Input data
--------
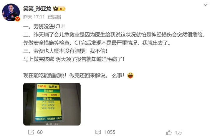 4月7日,他更新身体状况称:“大概率没有脑梗!我不信!”
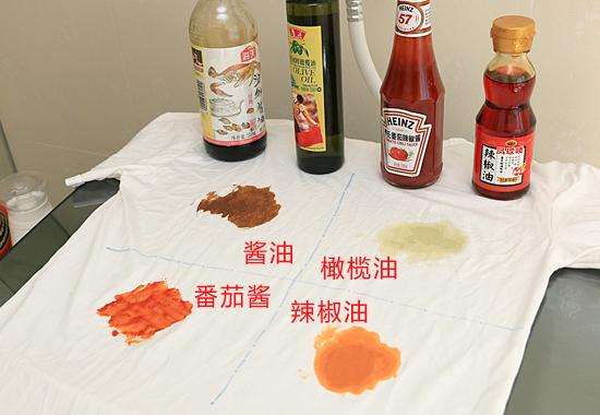将纯白色文化衫用“酱油、橄榄油、番茄酱和辣椒油”四种生活常见污渍涂抹,模拟家庭常规洗涤过程,选择洗衣机“标准洗”程序,对衣物进行洗涤测试。
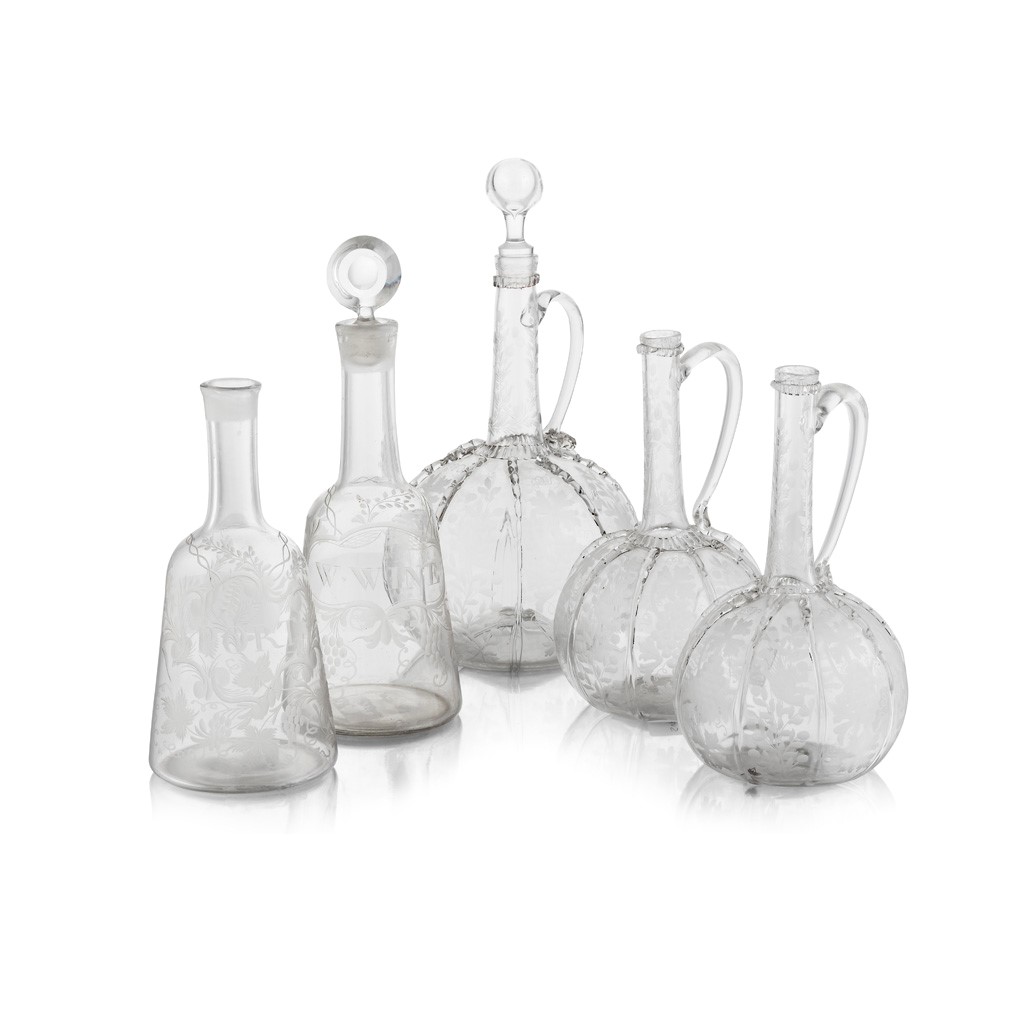 comprising three Continental examples with a narrow neck and globular body and applied glass bands, etched with fruiting vines, 33cm and 24cm high; and two English mallet form decanters etched with fruiting vines, one marked 'PORT', the other 'W. WINE', 30cm and 23.5cm high (5)
--------
Requirement
Please transcribe the whole listing above exactly, with the images left out.

Answer for the task
 4月7日,他更新身体状况称:“大概率没有脑梗!我不信!”
将纯白色文化衫用“酱油、橄榄油、番茄酱和辣椒油”四种生活常见污渍涂抹,模拟家庭常规洗涤过程,选择洗衣机“标准洗”程序,对衣物进行洗涤测试。
 comprising three Continental examples with a narrow neck and globular body and applied glass bands, etched with fruiting vines, 33cm and 24cm high; and two English mallet form decanters etched with fruiting vines, one marked 'PORT', the other 'W. WINE', 30cm and 23.5cm high (5)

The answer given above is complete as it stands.